Elastic Wave Eigenmode Solver for Acoustic Waveguides

A numerical solver for the elastic wave eigenmodes in acoustic waveguides of inhomogeneous cross-section is presented. Operating under the assumptions of linear, isotropic materials, it utilizes a finite-difference method on a staggered grid to solve for the acoustic eigenmodes of the vector-field elastic wave equation. Free, fixed, symmetry, and anti-symmetry boundary conditions are implemented, enabling efficient simulation of acoustic structures with geometrical symmetries and terminations. Perfectly matched layers are also implemented, allowing for the simulation of radiative (leaky) modes. The method is analogous to eigenmode solvers ubiquitously employed in electromagnetics to find waveguide modes, and enables design of acoustic waveguides as well as seamless integration with electromagnetic solvers for optomechanical device design. The accuracy of the solver is demonstrated by calculating eigenfrequencies and mode shapes for common acoustic modes in several simple geometries and comparing the results to analytical solutions where available or to numerical solvers based on more computationally expensive methods.

💡 Research Summary

This paper introduces a finite‑difference eigenmode solver tailored for acoustic waveguides with arbitrary, inhomogeneous cross‑sections, assuming linear, isotropic materials. By exploiting the translational invariance along the waveguide axis (z‑direction), the three‑dimensional elastic wave equation is reduced to a two‑dimensional eigenvalue problem in the transverse (x‑y) plane, with the propagation constant β prescribed and the angular frequency ω emerging as the eigenvalue (ω²). The authors reformulate the governing equations—Newton’s second law combined with Hooke’s law—into a Hermitian operator acting on a weighted displacement field (√ρ u). This yields a standard eigenvalue problem amenable to sparse‑matrix techniques.

A staggered‑grid discretization, analogous to the Yee scheme used in electromagnetic solvers, is employed. Principal stresses (σ_xx, σ_yy, σ_zz) are sampled at cell centers, normal displacements (u_x, u_y, u_z) at cell faces, and shear stresses (σ_xy, σ_xz, σ_yz) at face edges. This arrangement preserves second‑order accuracy for all field components even when material parameters vary on the scale of the grid. The z‑derivative is replaced by –jβ, and the resulting 2‑D grid is populated with forward and backward finite‑difference operators that remain adjoint pairs (∇ₛ† = –∇·) in the discrete setting.

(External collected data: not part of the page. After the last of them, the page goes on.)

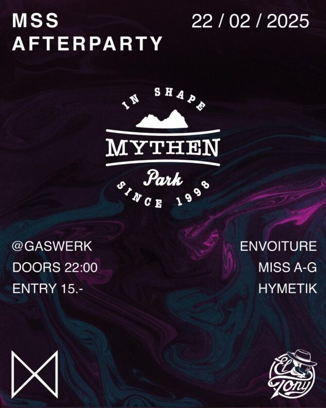 Die Offizielle Aftershow Party der Mythenstyle Session danach steigt im Gaswerk in Seewen. Für 15.- bist du mit am Start und feierst mit den Held:innen des Tages zur gute Laune Musik von DJ Envoiture, Miss A-G und Hymetik. Die Türen für die Wintersportler:innen und alle anderen Partygäste öffnen um 22 Uhr.
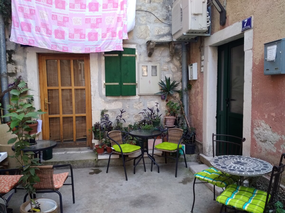 Bienvenue au Studio Andriana ! Nous sommes situés au cœur de la vieille ville, à seulement 300 m à pied du palais de Dioclétien et de la promenade Riva. Si vous arrivez par la mer ou en bus, nous sommes à seulement 500 m du port de ferry et de la gare principale. De plus, la célèbre plage de Bačvice est à seulement 350 m ! Vous séjournerez dans un lieu historique : notre maison est un bâtiment en pierre vieux de 450 ans. C'est un monument culturel protégé situé dans le quartier historique et charmant de Lučac
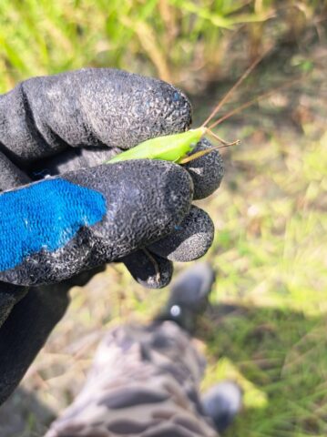 善いことをしたので、夜中に助けたキリギリスが恩返しに来るかもしれないことを期待しつつ、別の侵入者さんの暴れ回った跡を横目に虎視眈々と刈り進めるよ🫎
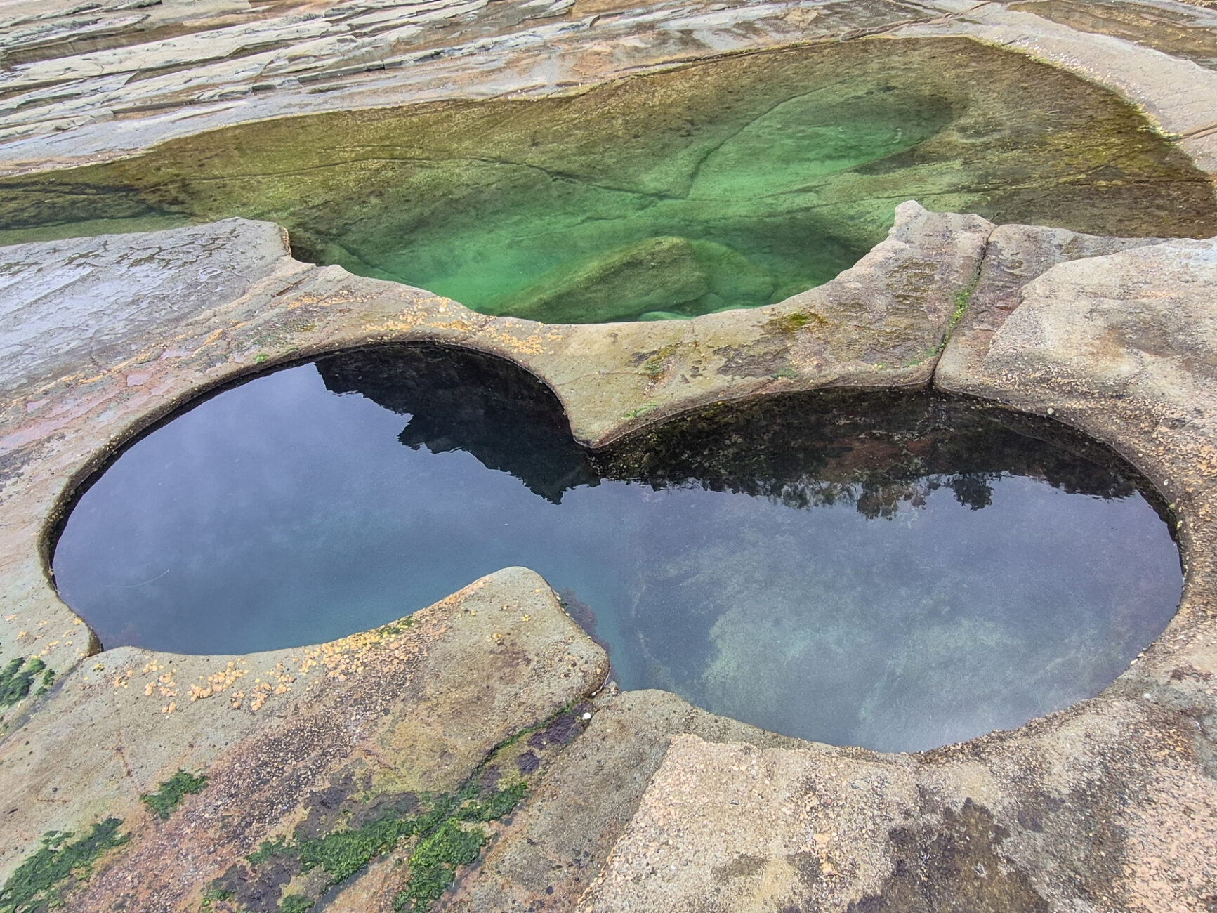 Die Wanderung zum 8-Pool ist wegen vieler Treppenstufen und wegen des verblockten Weges entlang der Küste anstrengend, der Pool ist allerdings etwas Besonderes (es soll Tage geben, an denen Hunderte von Wanderern darauf warten, mal kurz für ein Foto in den Pool steigen zu können). Leider (oder gottseidank ?) ist es bewölkt und so hält sich wenigstens der Ansturm in Grenzen. Immerhin treffe ich ein paar nette Wasseragamen.
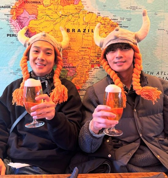 공개된 사진 속 박서준은 찐친 최우식과 함께 바이킹족 모자를 쓰고 맥주를 마시고 있는 모습이었다. "퇴근하고 한잔해"라는 말을 미루어 보아 이들은 '서진이네2' 영업을 마치고 술자리를 즐기고 있는듯 보였다.
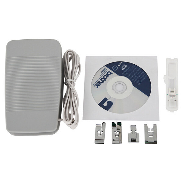 | Комплект поставки | двойная игла; педаль; документация; шпульки; щеточка для чистки; набор игл; дополнительный катушечный стержень; дискообразная отвертка; фиксатор катушки; вспарыватель; набор лапок |
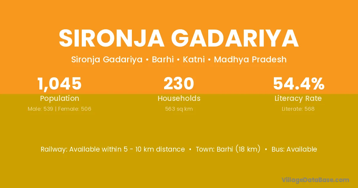 Barhi (18 km) is the nearest town to Sironja Gadariya village for major economic activities and is located approximately 18 km away.
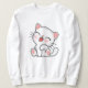 O padrão do gato é combinado com o suéter branco, que parece particularmente refinado, bonito, atmosférico e adorável.
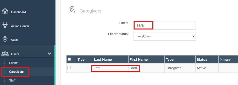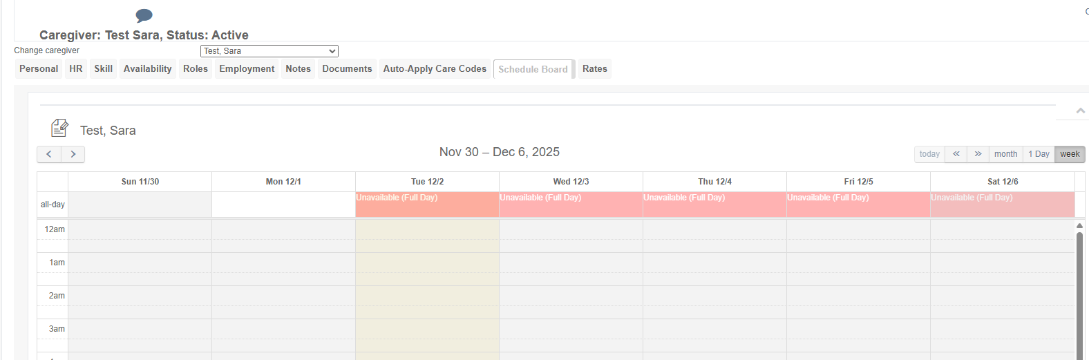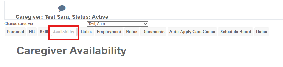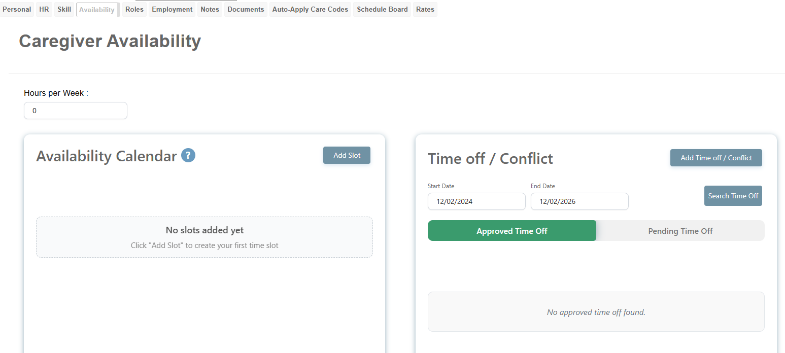 To enter this information, first open the caregiver's profile whose availability and/or time off you wish to enter.
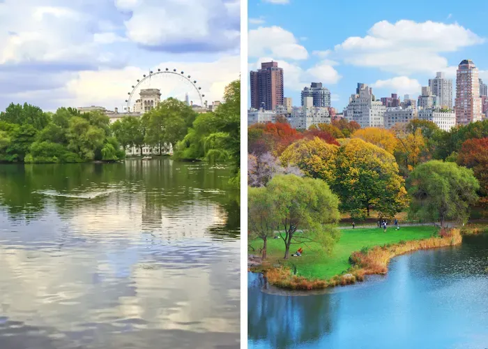 Both London and New York do "urban oasis" well. But only London's parks have lounge chairs to rent, ponds that you can swim in, beaches, and a professional outdoor theater.
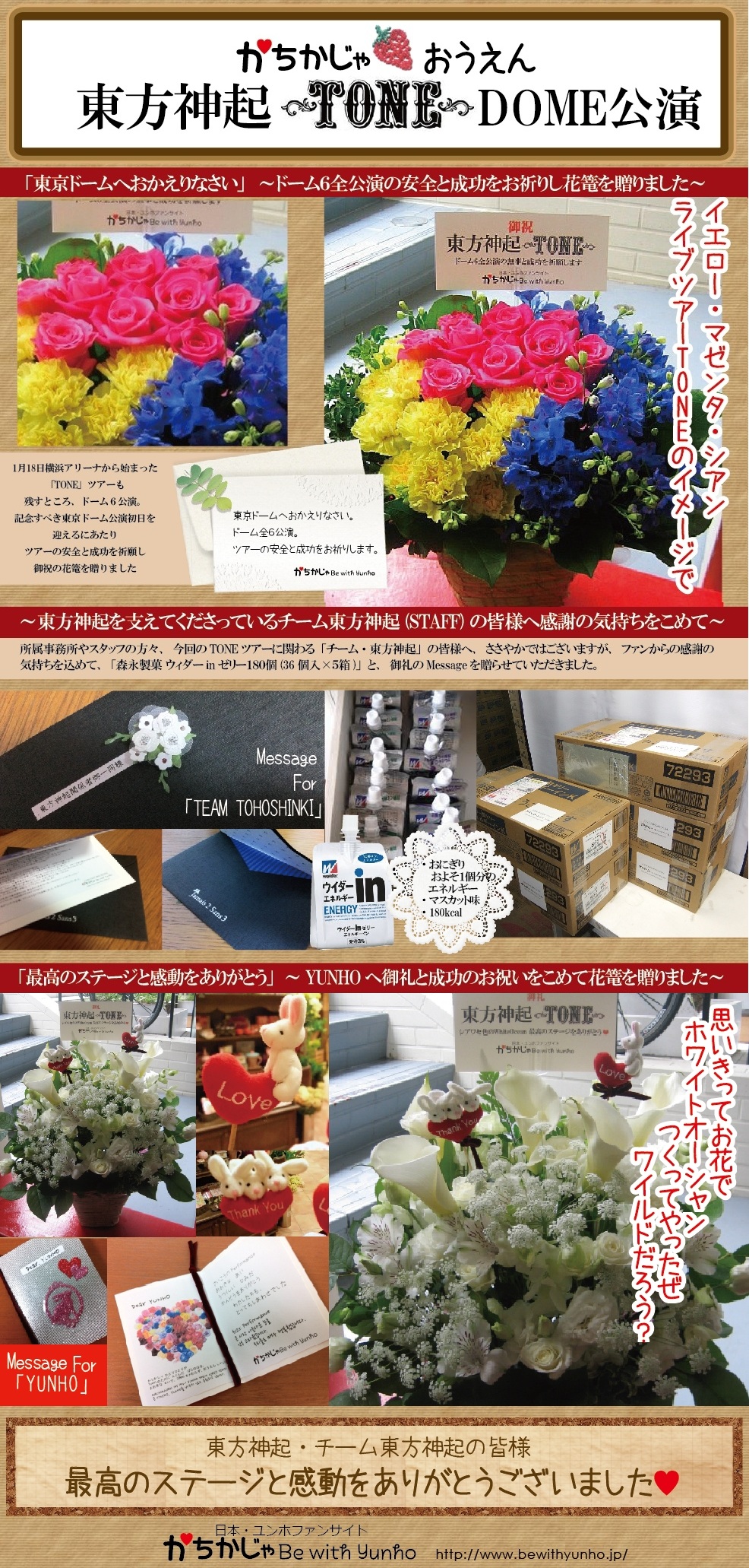 ![]() 「TONE」DOME公演を迎えるにあたり、 1/18横浜アリーナ公演初日の御祝の花篭⇒http://www.bewithyunho.jp/support/support_tone120118.html 3/20アリーナツアー千秋楽の御礼の花篭⇒http://www.bewithyunho.jp/support/tone_120320.html に続き、 東京ドーム初日の前日13日、 ドーム全6公演の安全と成功を祈願し、御祝の花篭を贈りました。 ライブツアー「TONE」をイメージして、 カラフルな、MAGENTA YELLOW CYAN のイメージで。 春らしいカラフルな花篭になりました。 また 所属事務所様やSTAFFの方々など、 この「TONEツアー」に関わる「Team TOHOSHINKI」の皆様へ ささやかではございますが、ファンの感謝の気持ちを込めて、 ウィダーinゼリー180個(36個入×5箱)と、御礼のMessageをお贈りしました。 私たちファンの感謝の気持ちが少しでもつたわればいいですね。 そして・・・ 大盛況の中、迎えたツアー千秋楽。 最高のステージと感動を私たちにプレゼントしてくれた東方神起YUNHOさんへ 御礼のMessageと、花篭を贈りました。 「シアワセ色の White Ocean! 最高のステージをありがとう」 YUNHOさんの美しい涙を 私たちは一生忘れません。 思い切って お花で WhiteOcean つくってやったぜ! ワイルドだろう(* ̄▽ ̄) by スギちゃんのまねしたかちかじゃ管理人 かちかじゃ管理人 |
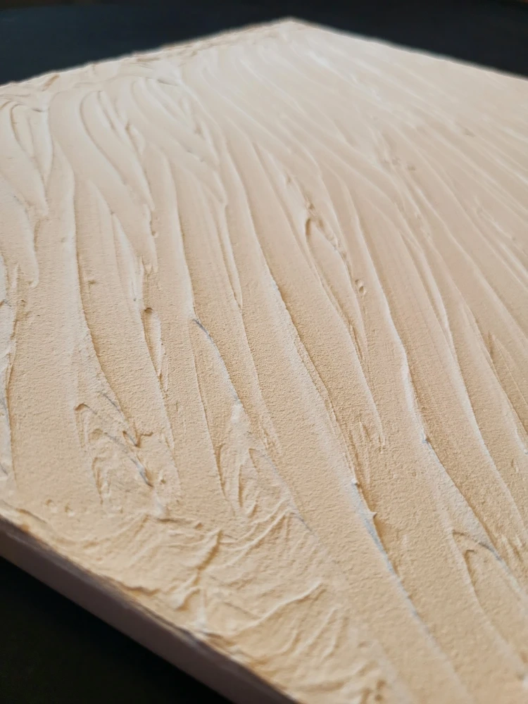 This is a textured art canvas with noticeable, layered detail that brings a lot of personality to a space. It’s lightly toned compared to my other piece, but still has its own unique style. The canvas is well-maintained (recently made) and perfect for decorating or adding your own touches. Art's size is 16" x 20" (40cm x 51cm).
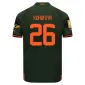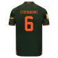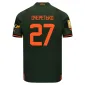 Класичний дизайн поєднує гострі форми з ефектом градієнтного розмиття в картатому візерунку по всій поверхні. Темно-зелена футболка Puma FCSD Away має оранжеві вставки на рукавах.
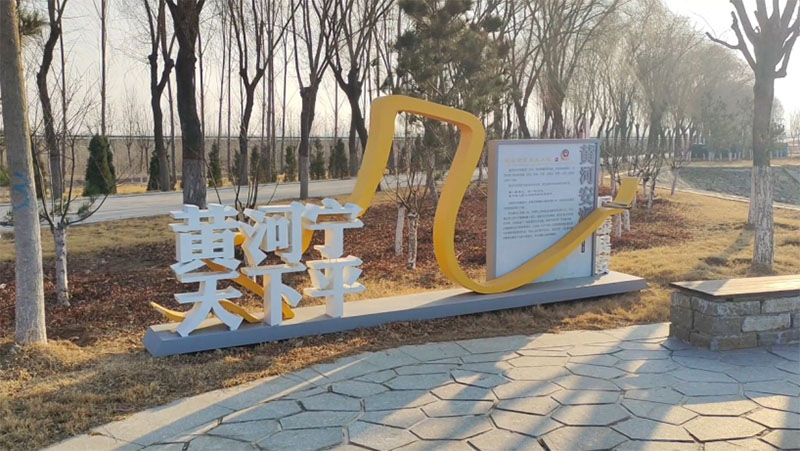 通過岸邊的宣傳語,我們團隊了解了黃河治理的歷史以及當今黃河風貌帶生態修復項目的相關介紹。此外,黃河邊還修建了黃河宿集、觀瀾臺、黃河生態保護主題公園等設施,讓人們更加了解、更加親近黃河。
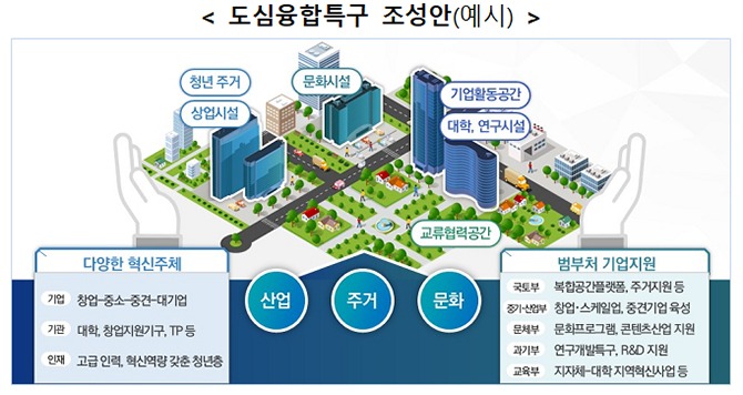 도심융합특구는 지방 대도시(광역시 5곳)의 도심에 기업·인재가 모일 수 있도록 ‘판교2밸리’와 같이 산업·주거·문화 등 우수한 복합 인프라를 갖춘 고밀도 혁신공간을 조성하는 사업이다.
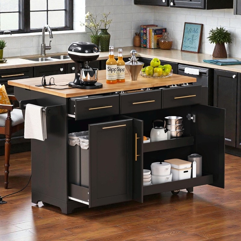 59.3" Rolling Kitchen Island with Rubber Wood Drop Leaf, Power Outlet, Pull-Out Cabinet Organizers, Trash Can Storage
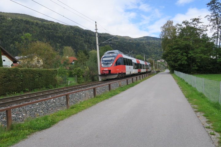 Der eigentliche Begegnungsverkehr erfolgt von hinten, uns überholen laufend die Kollegen vom Start. Auch einige 50 km-Läufer mit weißer Startnummer, die etwas früher als wir abgelassen wurden, kommen hinten nach. Auf dem Radweg R2 geht es westwärts Richtung Ossiacher See. Zwar sehe und höre ich keine Eisvögel, Kraniche, Weiß- und Schwarzstörche, Fisch- und Zwergadler, Windelschnecken, Fledermäuse, Schmetterlinge und Amphibien, aber schön ist die Wasserlandschaft allemal.

Boundary conditions are incorporated directly on the staggered grid: fixed boundaries enforce zero displacement, free boundaries enforce zero stress, while symmetry and anti‑symmetry conditions are realized by mirroring or sign‑flipping field values across the symmetry plane. Perfectly matched layers (PML) are implemented via complex coordinate stretching, providing an absorbing termination for radiative (leaky) modes.

The discretized operator is assembled into a large, sparse, real‑symmetric matrix H (Hermitian in lossless media). The eigenvalue problem H ψ = ω² ψ is solved using MATLAB’s ‘eigs’ function (Arnoldi iteration with shift‑invert), which efficiently extracts a few low‑order modes for a given β without computing the full spectrum. This approach dramatically reduces memory usage and computational time compared to conventional finite‑element methods (FEM) that must solve the full 3‑D problem.

Validation is performed on several benchmark geometries: rectangular and circular waveguides, as well as composite core‑cladding structures. Analytical solutions (e.g., Bessel‑function based modes) and commercial FEM results (COMSOL) are used as references. Convergence studies demonstrate second‑order error reduction with grid refinement, and relative frequency errors remain below 1 % across a frequency range of 1 MHz to 10 GHz. Computational speedups of an order of magnitude or more are reported relative to full‑3D FEM simulations.

Key contributions of the work include: (1) a staggered‑grid finite‑difference formulation for the elastic wave equation that mirrors the electromagnetic Yee grid, enabling seamless multi‑physics coupling; (2) comprehensive implementation of physical (free, fixed) and mathematical (symmetry, anti‑symmetry) boundary conditions together with PML for both confined and leaky modes; (3) demonstration that sparse‑matrix eigenvalue solvers can efficiently compute acoustic waveguide modes with high accuracy and low computational cost. The authors note that the method can be extended to anisotropic or lossy materials, to non‑uniform longitudinal variations, and to integrated optomechanical simulations where the same Yee‑type grid is already used for the optical fields. The MATLAB code is made publicly available, facilitating adoption by the broader photonics and acoustics communities.